• WHAT IS NEEDED:
Only the lines containing "para" belong in the answer; find them in the material below.

• DATA RECORDS:

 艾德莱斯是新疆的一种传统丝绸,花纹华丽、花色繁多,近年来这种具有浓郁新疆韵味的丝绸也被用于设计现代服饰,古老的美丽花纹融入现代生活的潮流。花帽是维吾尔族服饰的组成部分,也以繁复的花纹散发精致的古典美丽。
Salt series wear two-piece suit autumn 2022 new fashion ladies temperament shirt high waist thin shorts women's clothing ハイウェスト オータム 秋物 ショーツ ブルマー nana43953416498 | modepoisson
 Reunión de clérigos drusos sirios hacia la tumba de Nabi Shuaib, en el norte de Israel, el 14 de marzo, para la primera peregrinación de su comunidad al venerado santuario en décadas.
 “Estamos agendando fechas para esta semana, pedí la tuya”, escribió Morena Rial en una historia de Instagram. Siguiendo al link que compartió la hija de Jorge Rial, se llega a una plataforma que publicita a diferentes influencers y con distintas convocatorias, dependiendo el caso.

---

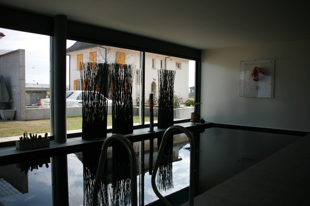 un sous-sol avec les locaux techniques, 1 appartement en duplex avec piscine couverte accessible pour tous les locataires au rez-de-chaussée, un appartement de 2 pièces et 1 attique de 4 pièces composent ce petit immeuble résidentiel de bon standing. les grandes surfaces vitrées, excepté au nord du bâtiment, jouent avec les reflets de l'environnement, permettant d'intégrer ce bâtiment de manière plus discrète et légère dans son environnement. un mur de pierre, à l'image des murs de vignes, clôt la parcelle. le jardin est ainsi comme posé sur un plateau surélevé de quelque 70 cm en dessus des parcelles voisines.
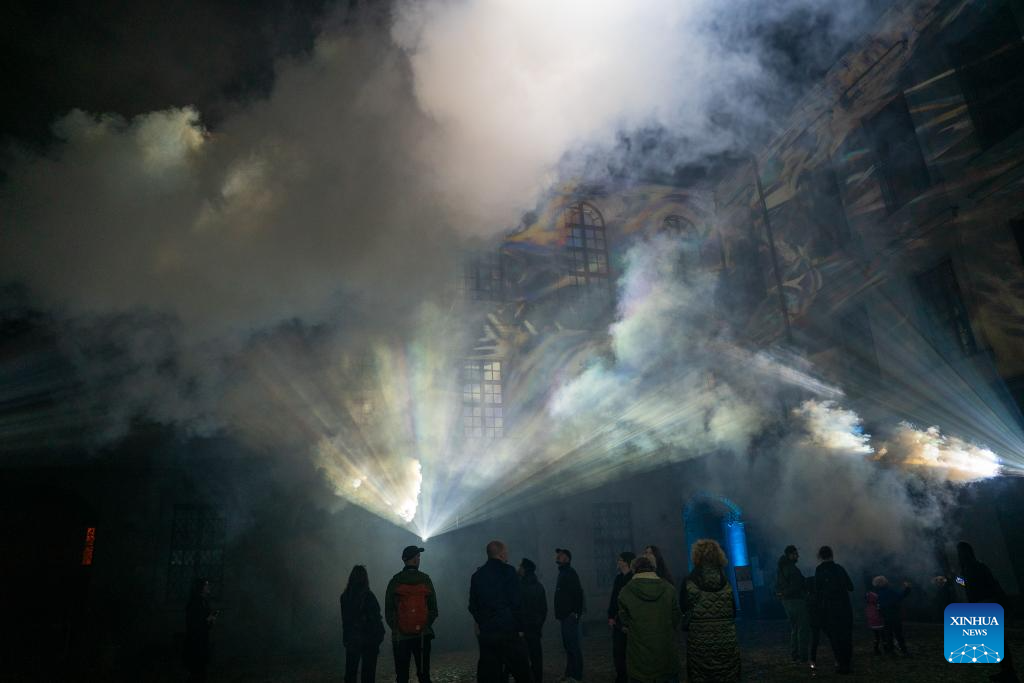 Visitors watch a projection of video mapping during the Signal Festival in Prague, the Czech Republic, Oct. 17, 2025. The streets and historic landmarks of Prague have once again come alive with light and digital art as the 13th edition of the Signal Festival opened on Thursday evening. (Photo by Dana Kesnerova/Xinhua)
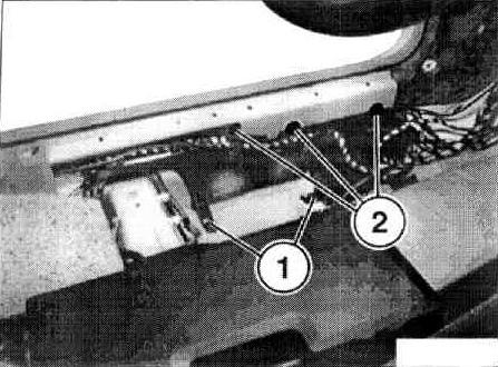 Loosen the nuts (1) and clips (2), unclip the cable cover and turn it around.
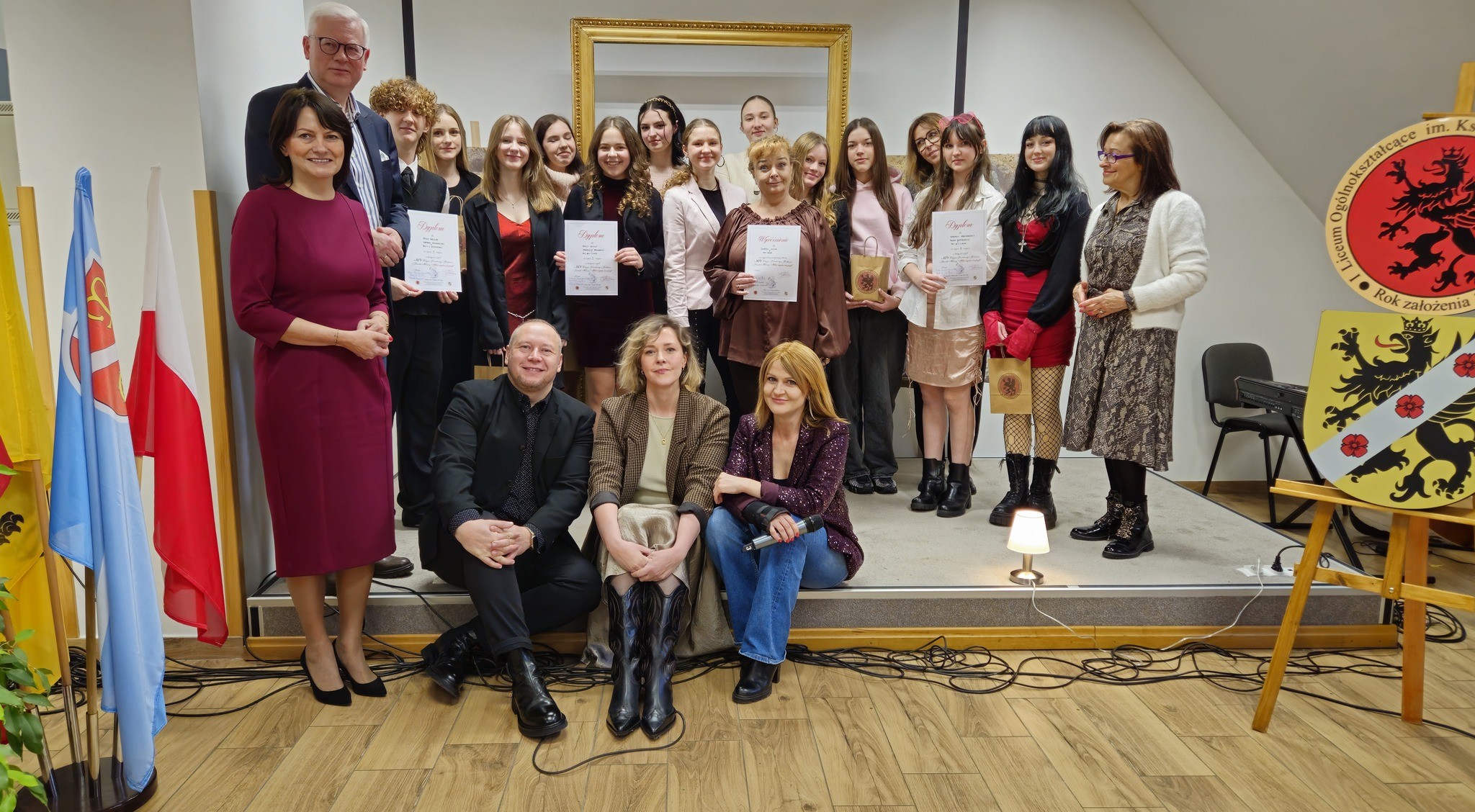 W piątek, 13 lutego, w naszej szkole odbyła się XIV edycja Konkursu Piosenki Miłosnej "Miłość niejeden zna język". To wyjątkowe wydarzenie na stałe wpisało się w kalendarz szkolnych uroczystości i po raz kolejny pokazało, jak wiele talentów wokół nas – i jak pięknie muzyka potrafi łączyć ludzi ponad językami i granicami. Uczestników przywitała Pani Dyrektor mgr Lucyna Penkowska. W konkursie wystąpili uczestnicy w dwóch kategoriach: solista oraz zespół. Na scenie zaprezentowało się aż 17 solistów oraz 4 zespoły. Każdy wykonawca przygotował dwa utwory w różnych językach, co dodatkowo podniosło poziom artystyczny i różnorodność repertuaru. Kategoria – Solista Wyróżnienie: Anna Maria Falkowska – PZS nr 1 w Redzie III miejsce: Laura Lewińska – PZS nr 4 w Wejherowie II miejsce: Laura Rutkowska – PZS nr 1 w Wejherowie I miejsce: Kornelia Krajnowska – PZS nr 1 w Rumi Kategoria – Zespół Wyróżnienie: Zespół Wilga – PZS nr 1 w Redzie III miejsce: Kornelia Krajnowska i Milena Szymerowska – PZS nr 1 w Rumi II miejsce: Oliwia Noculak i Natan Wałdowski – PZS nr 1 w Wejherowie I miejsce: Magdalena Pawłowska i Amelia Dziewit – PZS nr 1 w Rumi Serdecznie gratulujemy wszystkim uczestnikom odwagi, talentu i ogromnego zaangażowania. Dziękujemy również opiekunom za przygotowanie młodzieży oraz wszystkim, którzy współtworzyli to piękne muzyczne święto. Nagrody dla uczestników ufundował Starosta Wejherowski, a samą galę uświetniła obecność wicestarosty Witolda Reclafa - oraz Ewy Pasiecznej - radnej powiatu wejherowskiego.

• FINAL ANSWER:
 Reunión de clérigos drusos sirios hacia la tumba de Nabi Shuaib, en el norte de Israel, el 14 de marzo, para la primera peregrinación de su comunidad al venerado santuario en décadas.
 “Estamos agendando fechas para esta semana, pedí la tuya”, escribió Morena Rial en una historia de Instagram. Siguiendo al link que compartió la hija de Jorge Rial, se llega a una plataforma que publicita a diferentes influencers y con distintas convocatorias, dependiendo el caso.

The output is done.